Kurze „Willkommenskultur“
In der kurzen Phase der „Willkommenskultur“ 2015 durchgeführte
Änderungen des Aufenthalts – und Asylgesetzes zur
Verfahrensfähigkeit (entgegen der bisherigen Vorschrift „erst“ mit
Vollendung des 18. Lebensjahres) und umfangreiche Erweiterungen
des Kinder- und Jugendhilfegesetzes ließen kurzfristig auf eine
grundlegende Verbesserung der Lage minderjähriger Geflüchteter
hoffen.
Doch schon ab Herbst 2015 – vor dem Hintergrund
flüchtlingsfeindlicher und rassistischer Vorfälle und eines
gesellschaftlich atmosphärischen Rechtsrucks in Teilen der
Bevölkerung – versäumte es die Bundesregierung, sich deutlich auf
die Seite der Verfechter einer offenen und solidarischen
Gesellschaft zu stellen, die – wie die Mitgliedsorganisationen der
„National Coalition“, darunter PRO ASYL, terre des hommes und
viele andere – sich seit vielen Jahren für die umfassende
Umsetzung der UN-Kinderrechtskonvention in Deutschland einsetzen.
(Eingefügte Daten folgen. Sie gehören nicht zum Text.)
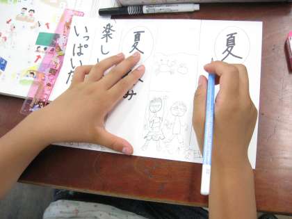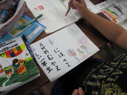2年生で習った漢字の読みを復習した後、絵を見て想像を広げ、「時を表す言葉」を使いながらかるた作りに取り組みました。
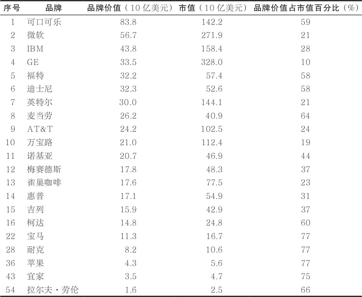表1-4 泛品牌咨询公司衡量的全球性品牌的价值
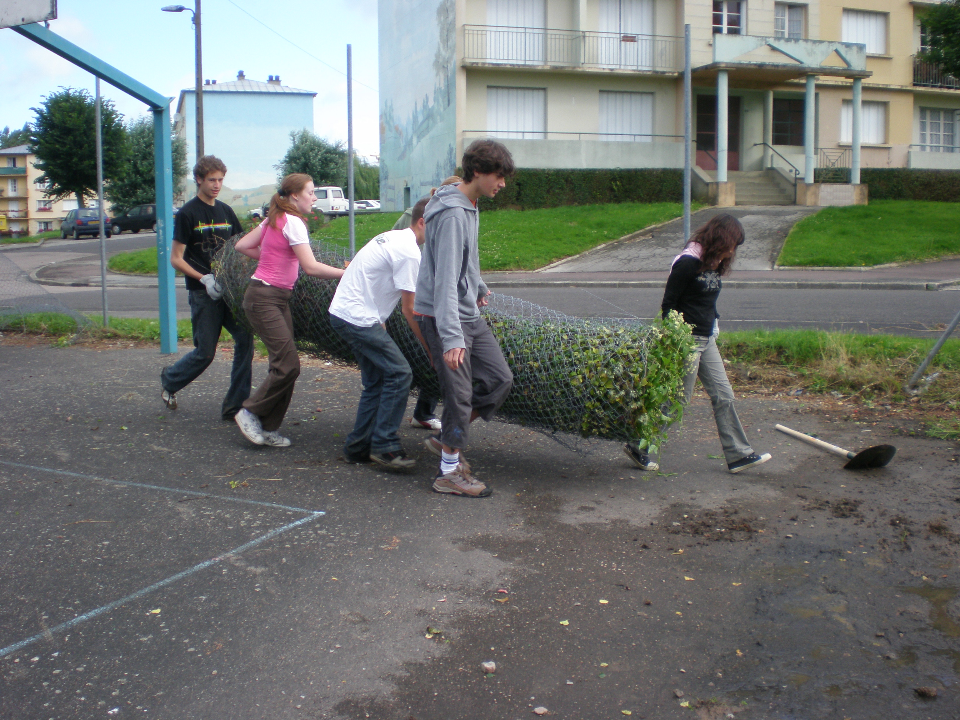Gure lana saskibaloi eta futbol zelaia berritzea izan zen: alambrada zaharra kendu eta berria jarri, ateak, saskiak eta lurreko marrak margotu... Proiektua garaiz bukatzeko talde lana ezinbestekoa izan zen.
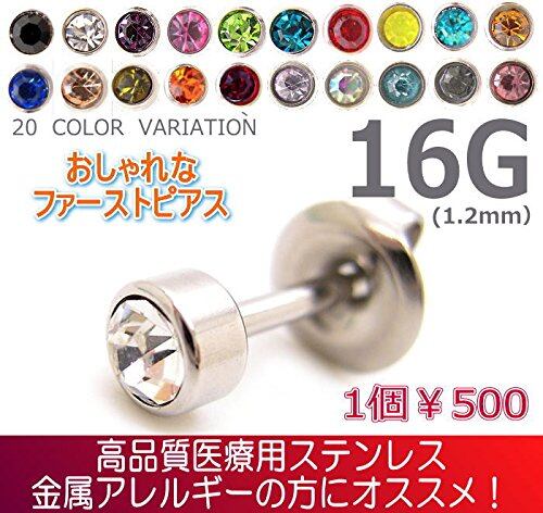 ファーストピアス 16ゲージ アレルギーフリー サージカルステンレス 片売り /5.マスカットグリーン (1-162)

Stattdessen hat die Große Koalition mit einem repressiven Rollback
an Gesetzesverschärfungen (Asylpakete I und II, „Lex Ankerzentren“
u.a., bis hin zum „Geordnete-Rückkehr-Gesetz“, besser:
„Hau-ab-Gesetz“) „Ängste“ und Ressentiments sogenannter „besorgter
Bürger“ bedient und Populisten und der organisierten Rechten damit
noch Auftrieb gegeben.
Großer Handlungsbedarf
Insgesamt können einzelne Verbesserungen nicht darüber
hinwegtäuschen, dass die Rechte und Bedürfnisse dieser besonders
schutzbedürftigen Gruppe von Kindern und Jugendlichen in
Deutschland noch immer massiv vernachlässigt werden: Nach wie vor
leben viele geflüchtete Kinder und Jugendliche in
aufenthaltsrechtlich unsicherer Situation; beim Zugang zu Schutz
und Hilfe und bei der Wahrnehmung ihrer Rechte nach der
UN-Kinderrechtskonvention sind erhebliche rechtliche und
tatsächliche Verschärfungen zu verzeichnen; noch immer gibt es
gravierende Defizite bei behördlich angeordneten willkürlichen
Altersfiktionen, auch die Anwendung medizinisch fragwürdiger und
zweifelhafter Methoden ist nach wie vor nicht ausgeschlossen;
geflüchtete Kinder können weiterhin in Abschiebungshaft kommen;
Unterbringung und beschleunigte Verfahren in sog. Ankerzentren
gefährden ihre ungehinderte Entwicklung und Integration; die
Ablehnungen von Familienzusammenführungen für Kinder und
Jugendliche durch deutsche Behörden stellt eine schwerwiegende
Verletzung der Artikel 3, 9 und 10 der UN-Kinderrechtskonvention
dar; und nach wie vor werden unbegleitete Minderjährige an der
Grenze abgewiesen oder zurückgeschoben.
Auch 30 Jahre nach der Verabschiedung der
UN-Kinderrechtskonvention besteht ein großer Handlungsbedarf für
ihre umfassende Umsetzung in Deutschland.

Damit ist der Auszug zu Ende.